**PROBLEM DETAILS**:
The output should match, line for line, the records from the line containing "男士新款防晒帽子钓鱼帽户外登山遮阳帽遮脸可拆卸防紫外线披肩帽" through the line containing "公共區域保留原層高,搭配吸頂", with every picture left out.

**DATA TO USE**:
========================================

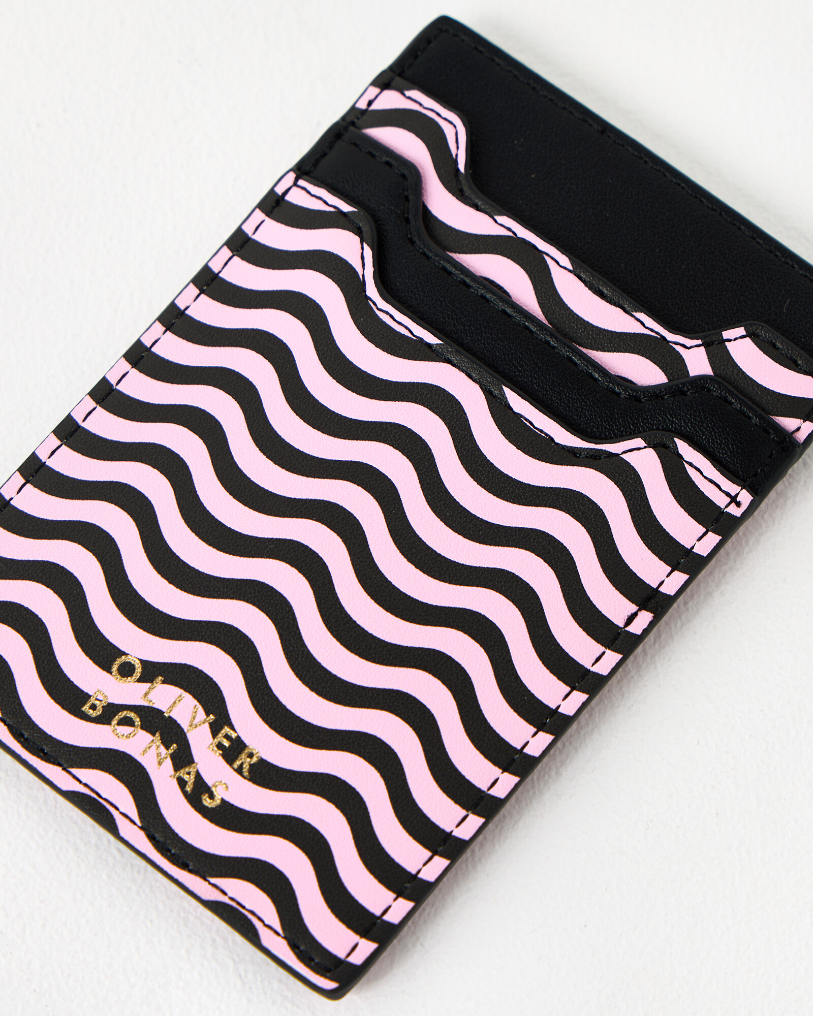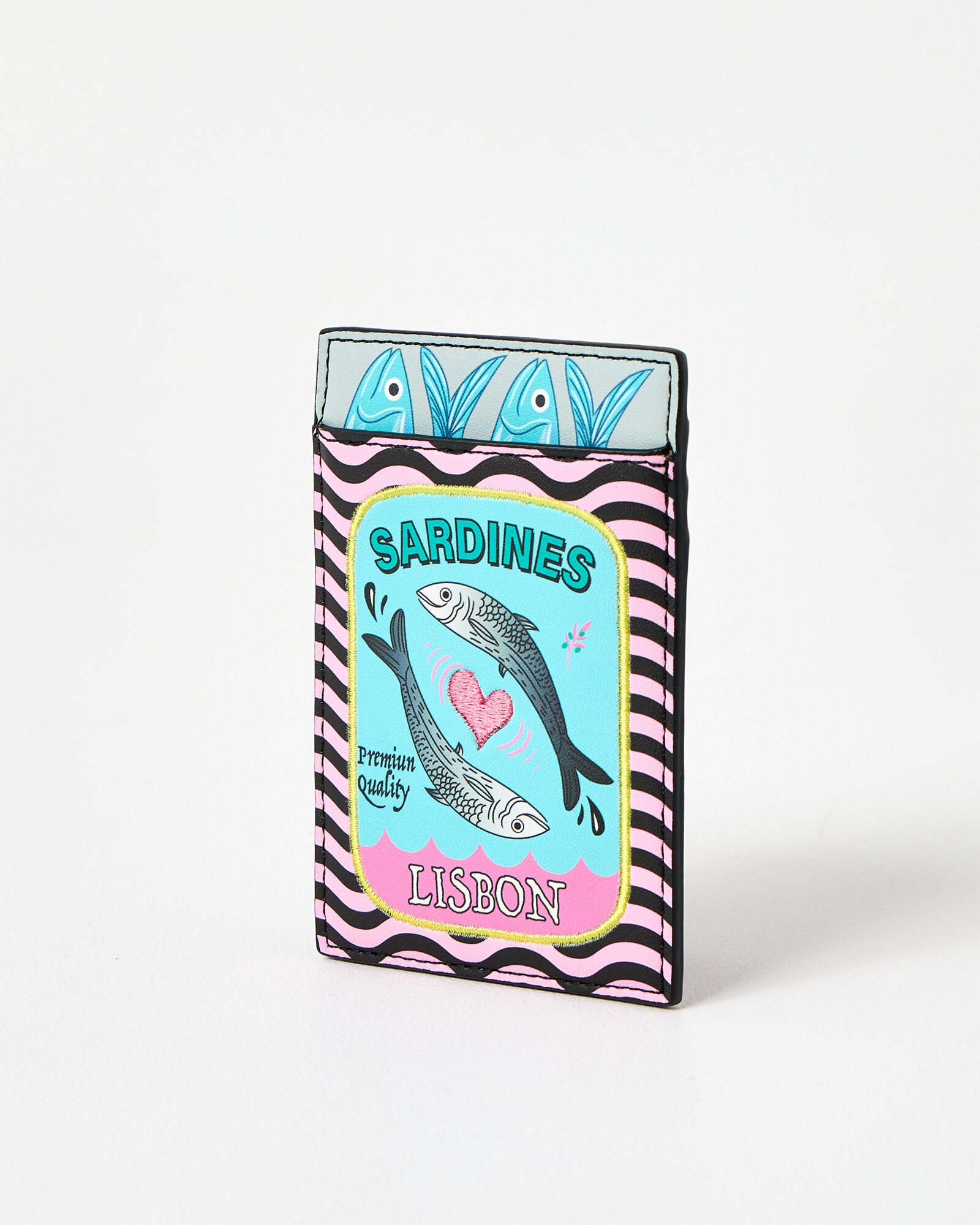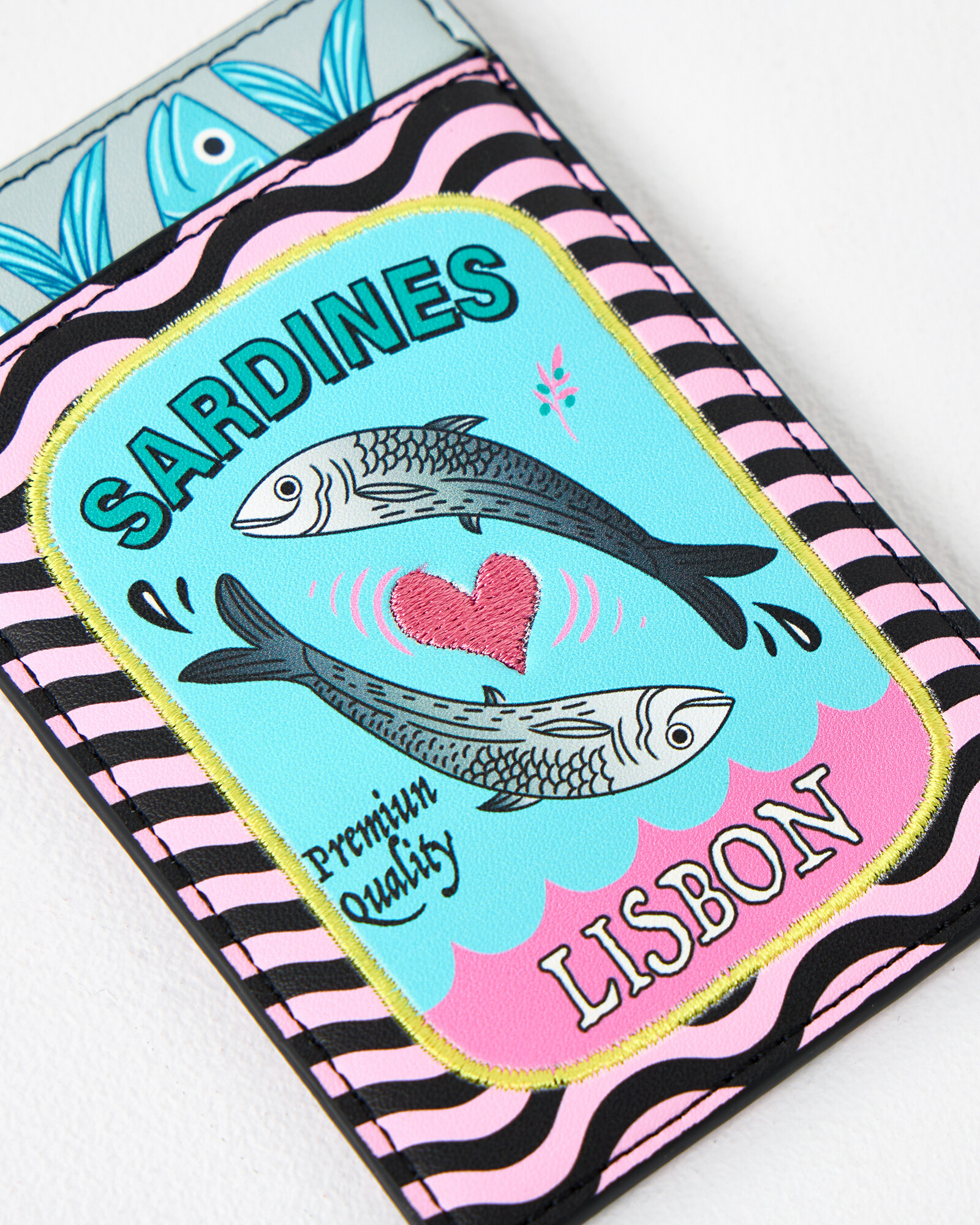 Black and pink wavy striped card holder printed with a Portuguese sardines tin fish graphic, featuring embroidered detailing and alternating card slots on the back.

========================================

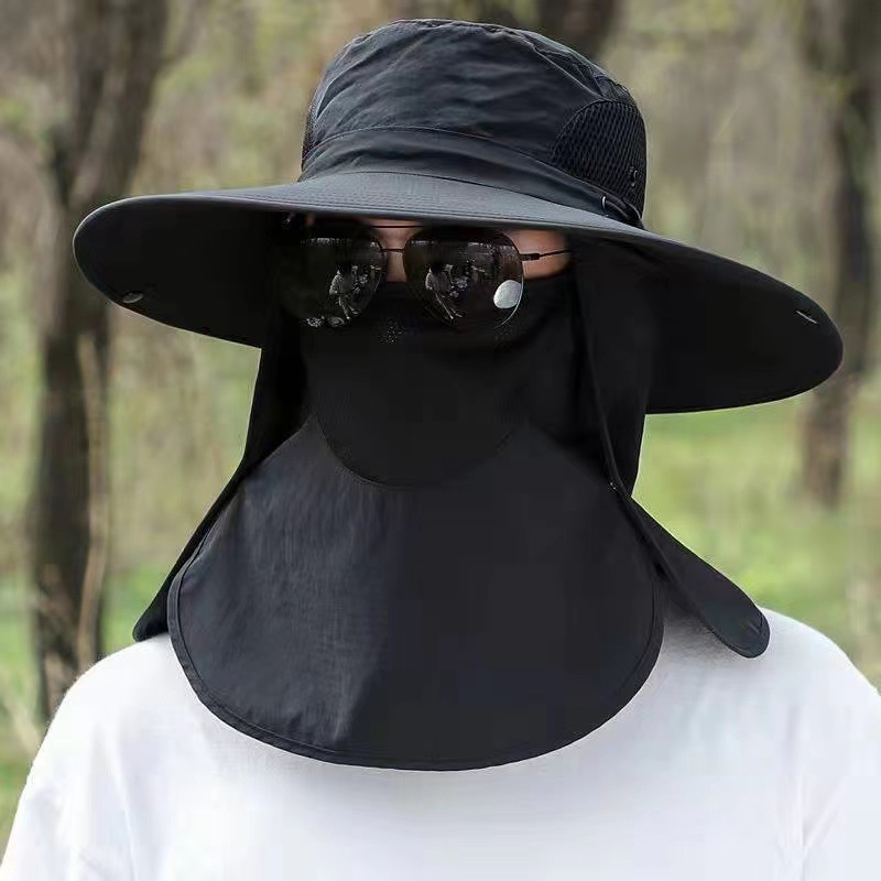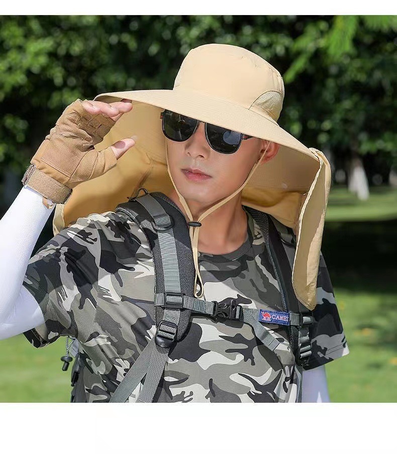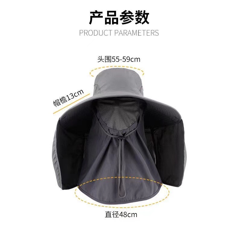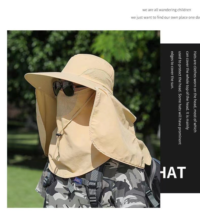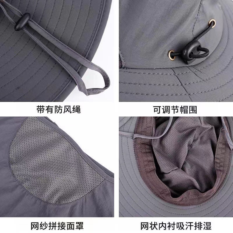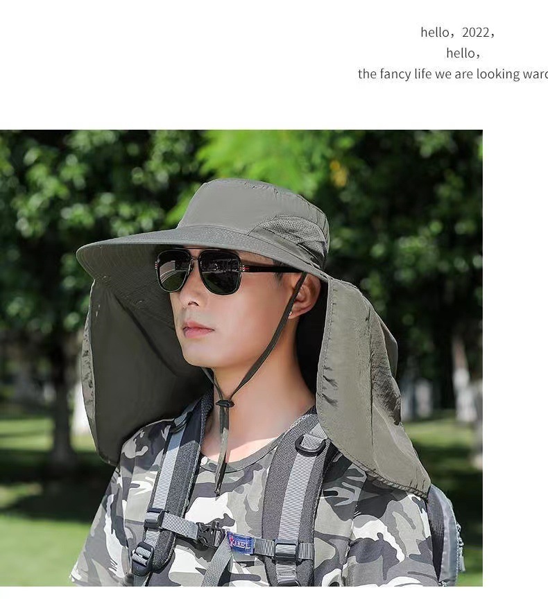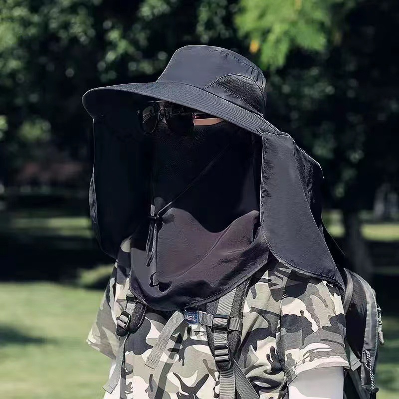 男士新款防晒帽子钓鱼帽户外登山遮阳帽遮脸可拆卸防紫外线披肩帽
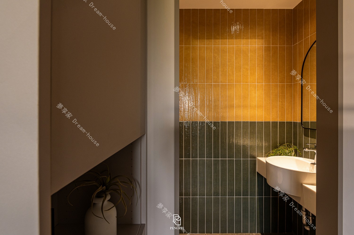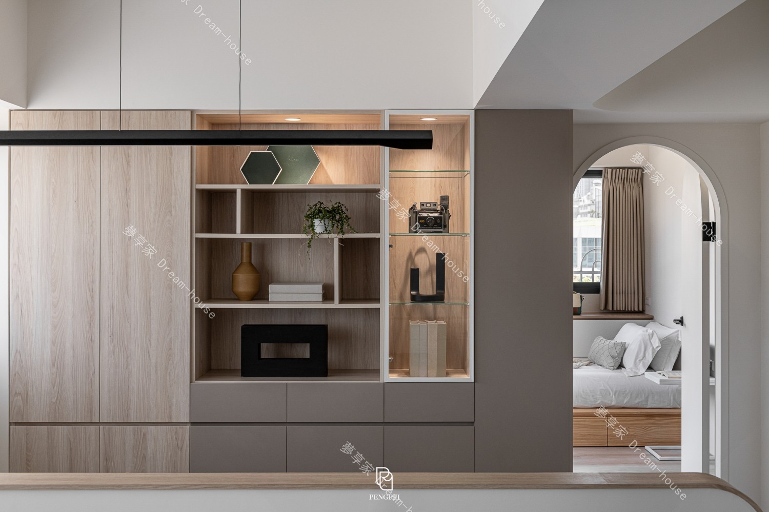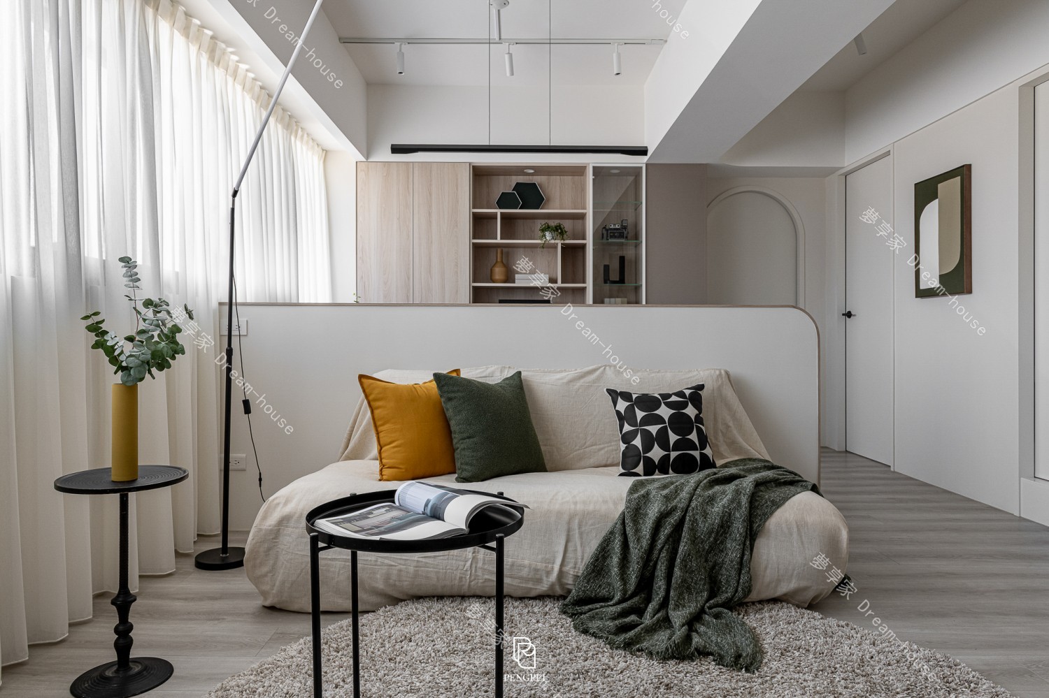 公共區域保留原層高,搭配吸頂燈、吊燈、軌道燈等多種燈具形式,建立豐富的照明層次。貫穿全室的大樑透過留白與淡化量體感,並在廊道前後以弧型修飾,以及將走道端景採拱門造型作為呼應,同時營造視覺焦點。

========================================

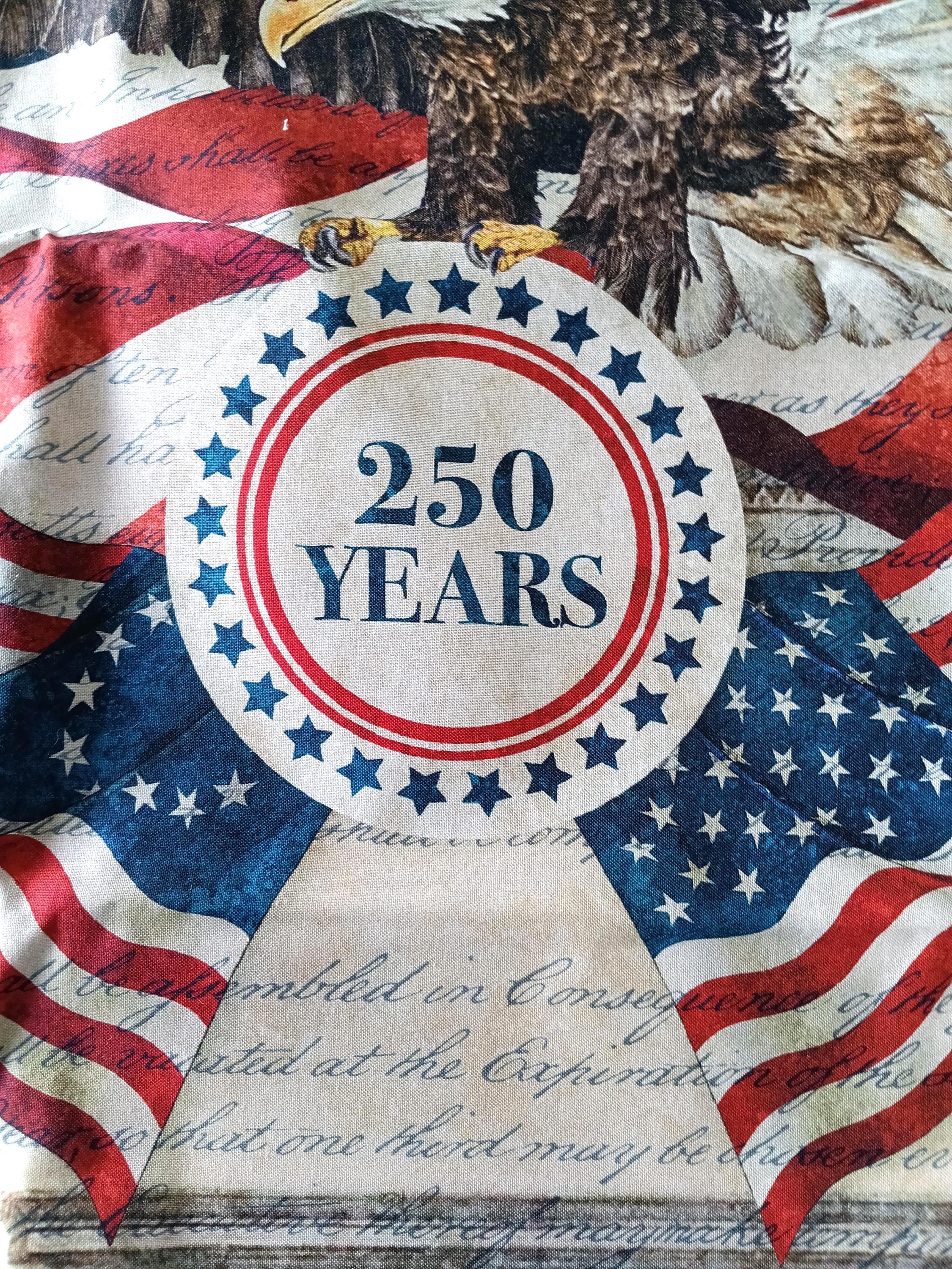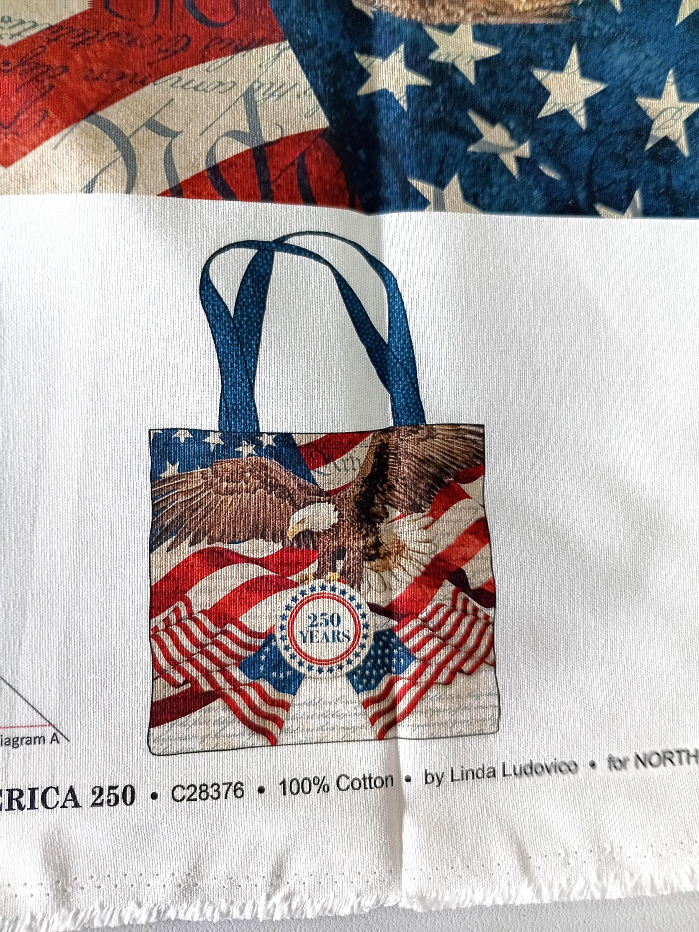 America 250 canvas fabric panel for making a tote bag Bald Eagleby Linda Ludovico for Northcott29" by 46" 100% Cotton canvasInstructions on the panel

========================================

**EXPECTED ANSWER**:
 男士新款防晒帽子钓鱼帽户外登山遮阳帽遮脸可拆卸防紫外线披肩帽
 公共區域保留原層高,搭配吸頂燈、吊燈、軌道燈等多種燈具形式,建立豐富的照明層次。貫穿全室的大樑透過留白與淡化量體感,並在廊道前後以弧型修飾,以及將走道端景採拱門造型作為呼應,同時營造視覺焦點。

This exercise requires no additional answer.